Quatrième de couverture :

 

« Si Lyon est la capitale de la Résistance, Saint-Étienne en est l'une des préfectures.» Ainsi parle Annette Kahn dont le père, Robert, fut le chef ligérien du mouvement Libération. C'est à Saint-Étienne qu'éclosent les premiers réseaux ligériens. C'est à Saint-Étienne que des personnalités fédèrent autour d'elles ceux acceptant de s'engager. Près de 87% des résistants déportés ou non résidaient dans l'arrondissement de Saint-Étienne ! Des petites villes de l'agglomération stéphanoise ne sont pas en reste comme Saint-Chamond ou Rive-de-Gier. Roanne, à l'autre extrémité du département, a ses acteurs propres dont certains se relieront au chef-lieu du département alors que d'autres se connecteront à Lyon.

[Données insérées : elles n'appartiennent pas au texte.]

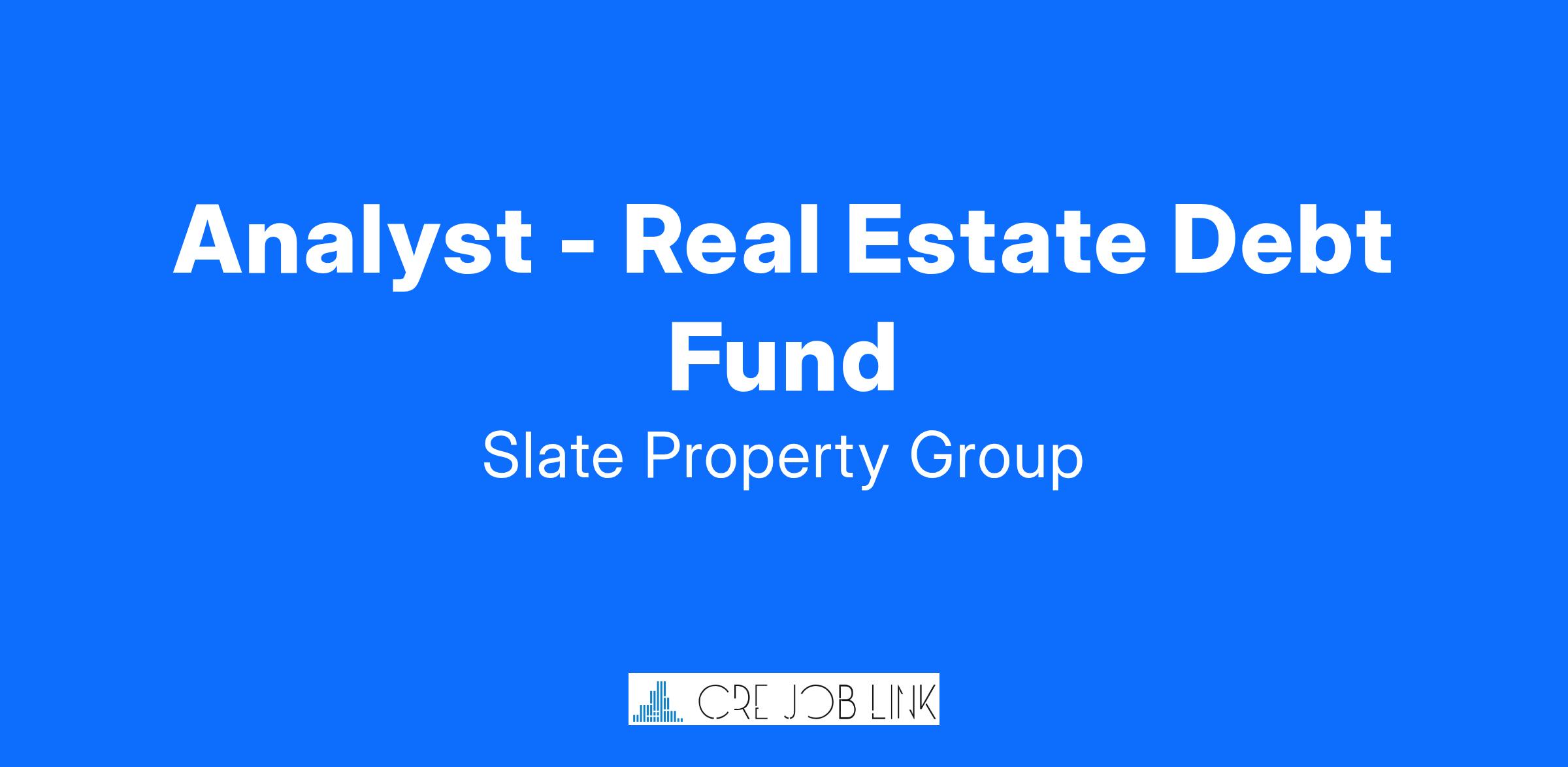 Slate Property Group (“Slate”) is seeking an Analyst to join its real estate lending and credit arm, SCALE Lending LLC (“SCALE”). The Analyst will focus on underwriting, research and asset management on commercial real estate debt transactions. The candidate should be self-motivated, work effectively in teams, detail oriented, and be able to work on multiple transactions at once in a fast-paced environment.

Car la Résistance est, d'abord, une affaire urbaine. Elle y trouve les milieux sociaux et politiques favorables à son exclusion ainsi que les moyens de communication indispensables à son action. Il faudra attendre les maquis, c'est-à-dire essentiellement 1944, pour assister dans la Loire à une « ruralisation de la résistance». S'appuyant sur des archives et sur de nombreux témoignages, ce livre donne la parole, autant que faire se peut, aux acteurs de la terrible et glorieuse aventure de la Résistance. Grâce aux travaux antérieurs bien documentés, ce livre n'a pas l'ambition d'être exhaustif, loin de là. Il évoque également des Résistances peu abordées comme la Résistance juive ou les réseaux sous commandement britannique. Cette Résistance est multiforme : civile, politique, militaire etc. Elle est parfois très précoces, dès l'été 1940 alors que les Français, assommés par la défaite militaire, voient s'établir le régime de Vichy. Des réseaux locaux s'élaborent. Plus puissants, des mouvements nés ailleurs s'installent dans la Loire. Avec l'occupation de la Zone Sud fi n 1942, la Résistance acquiert une nouvelle légitimité. Désormais, les masques tombent et plus nombreux sont les femmes et les hommes à s'engager. La lutte armée s'organise. La répression menée par l'occupant s'ajoute à celle conduite par les polices de Vichy, bientôt aidées de la Milice. L'année 1943 est marquée à la fois par une amplification de la Résistance et par les coups très durs qui lui sont portés. 1944, enfin, représente le summum de l'engagement et de la violence récompensés lors de l'été de la Libération.

 

Biographie de Pascal Chambon :


Pascal Chambon est né en 1962 à Rive-de-Gier. Il a fait ses études à l’Université de Saint-Etienne. Professeur dans le secondaire, il publie un premier livre, Pont-Salomon, les hommes de la faux, sur la dernière usine de faux française. Professeur certifié, chargé de cours à Jean-Monnet durant plusieurs années, il prépare alors une thèse d’histoire moderne, soutenue en 1999, sur le département de la Loire sous le Premier Empire. Aujourd’hui, il enseigne l’histoire-géographie et l’option histoire de l’art au lycée Saint-Paul-Forez de Montbrison tout en continuant des recherches et publiant des articles en particulier dans le domaine de l’histoire militaire.